It’s an art photo, oval, glued inside a photo folder bordered by golden edging, protected by an embossed, transparent sheet. Beneath it, Photo-Moderne and the signature of the photographer, E. Ridel. It shows a chubby baby with round cheeks, a pouty mouth, brown hair forming a wave on the top of its head, sitting half-naked on a cushion in the centre of a carved table. The cloudy, sepia background, the table’s carved garland, the embroidered shirt, part way up the belly and with one strap slipped down a plump arm, the whole point is to conjure up a cupid or a cherub, like in a painting.
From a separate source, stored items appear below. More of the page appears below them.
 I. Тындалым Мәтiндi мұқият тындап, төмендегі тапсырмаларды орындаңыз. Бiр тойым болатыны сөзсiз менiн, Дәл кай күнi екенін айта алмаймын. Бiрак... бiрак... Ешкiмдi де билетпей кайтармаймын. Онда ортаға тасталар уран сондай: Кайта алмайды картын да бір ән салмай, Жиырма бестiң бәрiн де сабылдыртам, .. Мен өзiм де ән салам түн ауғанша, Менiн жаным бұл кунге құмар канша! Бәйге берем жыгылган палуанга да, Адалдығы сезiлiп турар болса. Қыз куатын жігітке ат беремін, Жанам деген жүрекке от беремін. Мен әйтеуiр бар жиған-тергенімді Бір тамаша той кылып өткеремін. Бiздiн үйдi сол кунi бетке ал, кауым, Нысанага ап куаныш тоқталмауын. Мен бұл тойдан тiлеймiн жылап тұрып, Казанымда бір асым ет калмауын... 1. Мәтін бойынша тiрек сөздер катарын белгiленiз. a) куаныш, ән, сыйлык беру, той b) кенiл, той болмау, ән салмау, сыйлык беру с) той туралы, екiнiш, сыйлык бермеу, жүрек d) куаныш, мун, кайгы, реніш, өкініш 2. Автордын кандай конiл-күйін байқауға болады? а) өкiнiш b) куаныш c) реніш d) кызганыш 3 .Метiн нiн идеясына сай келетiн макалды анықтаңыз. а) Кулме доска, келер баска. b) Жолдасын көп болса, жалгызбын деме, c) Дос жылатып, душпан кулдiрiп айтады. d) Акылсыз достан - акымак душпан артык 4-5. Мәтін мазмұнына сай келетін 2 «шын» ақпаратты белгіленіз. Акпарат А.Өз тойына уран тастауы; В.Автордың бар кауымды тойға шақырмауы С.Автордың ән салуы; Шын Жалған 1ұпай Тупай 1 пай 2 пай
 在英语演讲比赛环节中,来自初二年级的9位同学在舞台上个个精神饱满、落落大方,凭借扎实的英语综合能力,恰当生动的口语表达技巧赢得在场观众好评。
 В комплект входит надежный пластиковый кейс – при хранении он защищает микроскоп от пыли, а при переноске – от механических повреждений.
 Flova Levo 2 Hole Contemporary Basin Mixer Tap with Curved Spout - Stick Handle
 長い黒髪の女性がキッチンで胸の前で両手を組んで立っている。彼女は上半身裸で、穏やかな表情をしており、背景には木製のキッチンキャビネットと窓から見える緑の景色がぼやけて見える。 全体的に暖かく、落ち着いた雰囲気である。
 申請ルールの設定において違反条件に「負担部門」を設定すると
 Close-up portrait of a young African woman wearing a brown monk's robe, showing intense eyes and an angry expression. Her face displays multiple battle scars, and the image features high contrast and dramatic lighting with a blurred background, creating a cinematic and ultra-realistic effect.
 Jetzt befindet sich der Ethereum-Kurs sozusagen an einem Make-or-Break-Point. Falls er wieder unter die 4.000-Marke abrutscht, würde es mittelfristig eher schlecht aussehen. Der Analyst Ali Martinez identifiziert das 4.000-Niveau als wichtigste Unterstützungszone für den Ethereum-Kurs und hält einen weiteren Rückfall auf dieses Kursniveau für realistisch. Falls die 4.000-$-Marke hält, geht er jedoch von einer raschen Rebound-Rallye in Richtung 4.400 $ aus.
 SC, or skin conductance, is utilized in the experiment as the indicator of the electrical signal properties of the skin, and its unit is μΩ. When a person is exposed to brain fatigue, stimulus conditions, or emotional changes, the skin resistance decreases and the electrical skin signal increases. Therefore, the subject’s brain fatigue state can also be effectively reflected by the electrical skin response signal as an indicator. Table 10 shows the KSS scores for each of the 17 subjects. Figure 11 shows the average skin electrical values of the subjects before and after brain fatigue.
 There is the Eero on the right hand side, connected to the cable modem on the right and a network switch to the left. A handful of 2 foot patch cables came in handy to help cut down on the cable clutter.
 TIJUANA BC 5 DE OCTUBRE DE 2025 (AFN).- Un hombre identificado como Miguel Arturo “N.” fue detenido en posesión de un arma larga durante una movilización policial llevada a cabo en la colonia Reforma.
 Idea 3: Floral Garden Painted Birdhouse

Thus, even though the country was occupied by the Germans, half of the men prisoners, and round-ups of Jews and Gypsies were beginning, people still brought babies to the photographer, to celebrate their arrival into the world with a work of art that all family members, on both sides, would receive a copy of.

Another photo, signed by the same photographer – but the paper in the folder is more ordinary and the gold border has disappeared – intended probably for the same family distribution, shows a little girl between four and five years old, serious, almost sad despite the round face beneath her short hair, separated by a parting down the middle and pulled back by slides with ribbons dangling off them. The left hand rests on the same sculpted table – this time fully visible, in the style of Louis XVI – which raises her shoulder. She’s squeezed into her blouse and her suspendered skirt is rising up a bit in front because of her prominent belly, perhaps a sign of rickets.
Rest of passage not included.